Does anybody know the preferred way to get the v4 addresses when
available, instead of the v6 one.

> That said, Coda is the only application whose host finding behavior
> has broken recently, it broke across a Coda upgrade on a running
> system (no reboot), not a Debian update, and the problem seems common
> among many platforms.

Well, if glibc got upgraded earlier or the IPv6 addresses were added on
the server, but the VLDB was only rebuilt after the Coda upgrade.

> I hope you won't ignore Greg Troxel's hypotheses.

I don't ignore problems, in fact I've been scrutinizing the code. There
is only one place where the client uses gethostbyname and it is only
used during startup to resolve the names of the rootservers. If none of
those succeed an assertion is triggered.

The rootservers are then contacted for the name of the rootvolume, which
is the first RPC2 call a client makes. If it fails, the client displays
"Can't get rootvolume name" and keeps trying. This can be a result of
gethostbyname returning the wrong addresses, network connectivity
problems, or a not running or not-completely configured server.

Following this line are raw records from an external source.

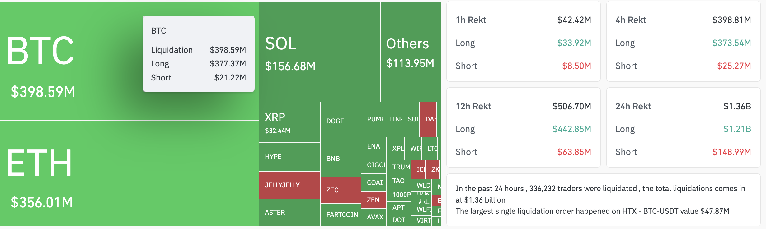 More than $1.21 billion in long positions were liquidated, with Bitcoin accounting for $377 million of that total. Ether (ETH) followed with $316.6 million in long liquidations.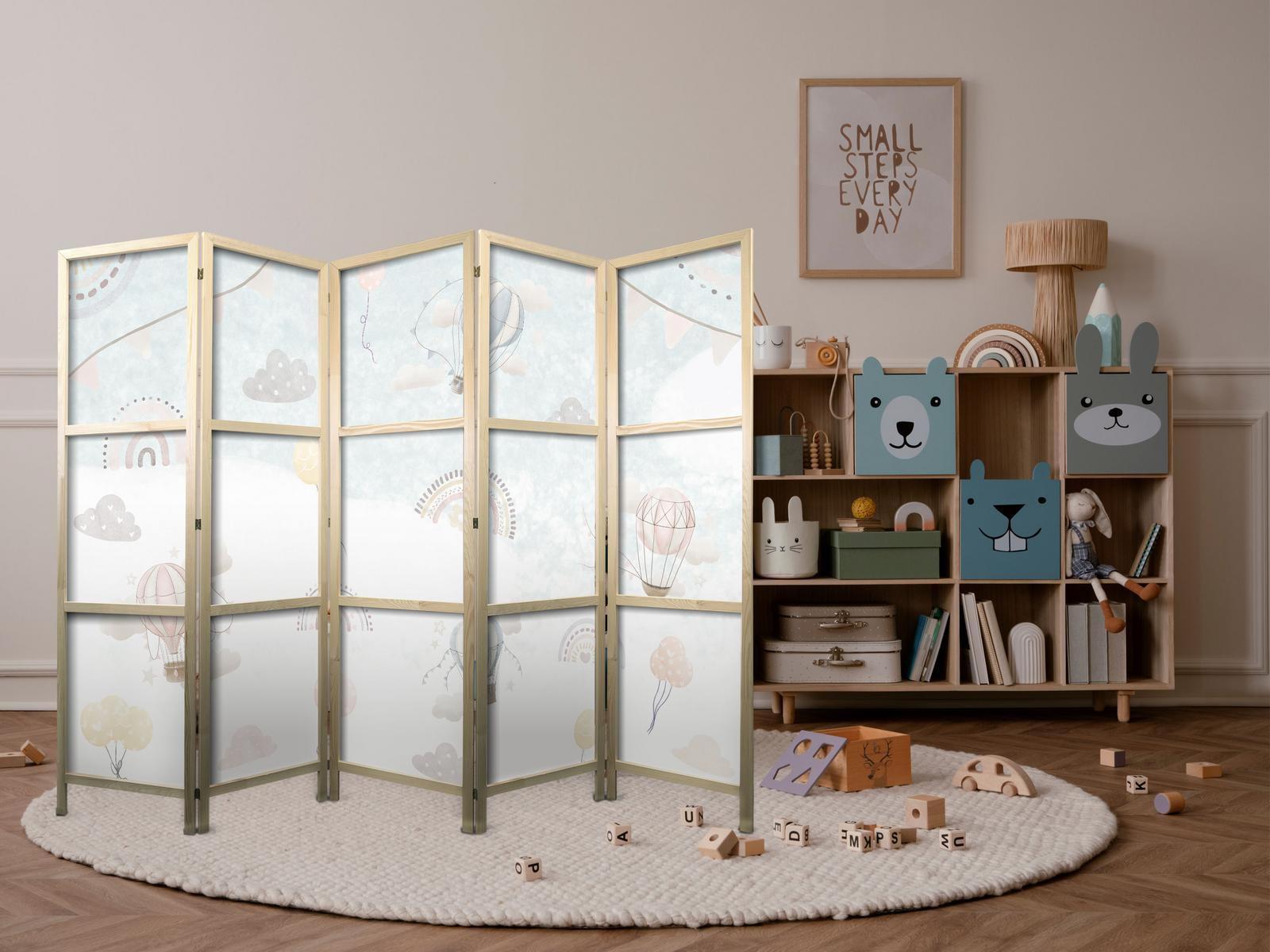 Die asiatischen Paravents aus unserer Kollektion werden auf hochwertiges Vlies gedruckt. Dank des Materials hat sich der sichere Paravent auch im Zimmer eines jungen Orient-Liebhaber bewährt. Asiatische Paravents sind perfekt für ein Restaurant in diesem Stil. Sie können die Bereiche zwischen den Tischen abgrenzen, so dass sich die Gäste wohlfühlen. Japanisches Paravent "Japanischer Paravent - Balloons in the Sky - Balloons in pastel colors flying through a cloudy sky - among rainbows and stars." ist auch eine gute Option für Schönheitssalons. Wenn Sie keine Wände bauen wollen, deren Layout Sie nach einer gewissen Zeit langweilen könnte, ist ein japanischer Paravent ideal für Sie! Es trennt die Kundenbereiche und verleiht ihnen Intimität.Details zur Produktsicherheit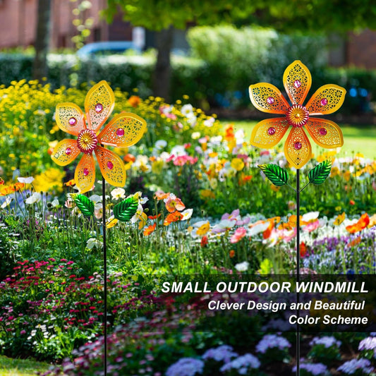 Garden Wind Spinners & Metal Wind Sculptures - Outdoor Windmill Decor with Vibrant Yellow, Yard Art for Patio Lawn Garden Ornament, Dynamic Wind Spinner Sculpture for Landscape Decor
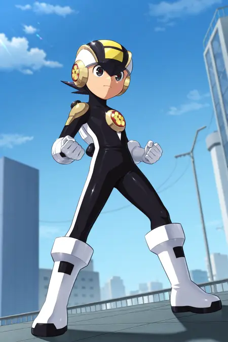 mega_hana, black hair, black eyes, black bodysuit, white helmet, white glove, white boots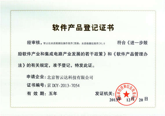 軟件產(chǎn)品登記證書——智云達(dá)水質(zhì)檢測儀操作軟件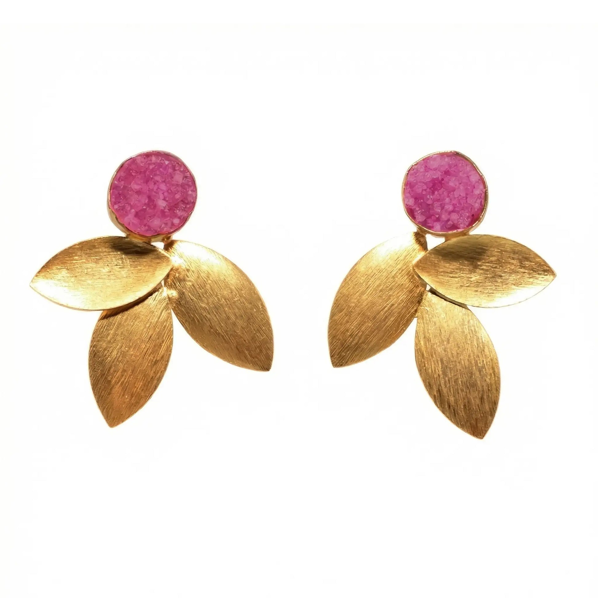 Originales pendientes formados por tres hojas artesanales con una piedra circular. Este diseño único destaca por su elegancia y singularidad. Además de ser cómodos de llevar, también son muy versátiles y fáciles de combinar.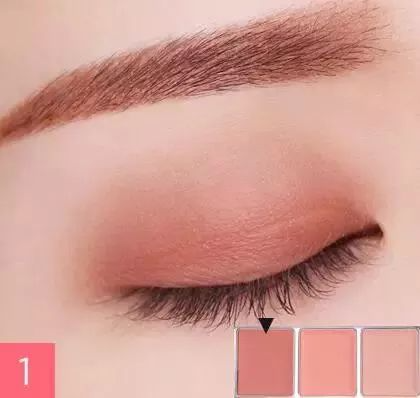 Step 1:用偏棕色的珊瑚色眼影在上眼皮晕染,将眼影从眼睑往眼窝深处晕染开。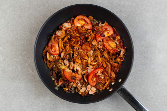 Den Knoblauch, die Aprikosen und das Tomatenmark in die Pfanne rühren und bei mittlerer Hitze ca. 2Min. mitbraten. Den Thunfisch abgießen und mit den Tomatenspalten und 300ml Pastawasser hinzufügen. Die Sauce ca. 2Min. unter Rühren erhitzen, bis sie leicht eingedickt ist.

Once the rootvolume name is obtained the rootservers are contacted
again for the volume location information, this comes directly out of
the VLDB. Sadly the VLDB contains a series of ip-addresses, one per
server and the name resolution was done _on the server_. That is why the
"127.0.0.1 localhost myhostname.domain" entry in /etc/hosts creates so
much havoc and why multihomed hosts (f.i. connected to both a private
and a public network are problematic).

> Even if it is my name service, I can't figure out what might be going
> wrong, as everything else works.

It is hard to tell as I don't see the problems occuring here. All I can
do right now is speculate and add more assertions to the code to catch
possible corner cases.

One big change in 5.3.9 was that we went from representing ip-addresses
in venus as host-order unsigned longs, to network-order struct in_addr.
But if anything is still wrong in that area, I should have seen the same
problems.

Jan
Received on 2000-10-31 08:54:23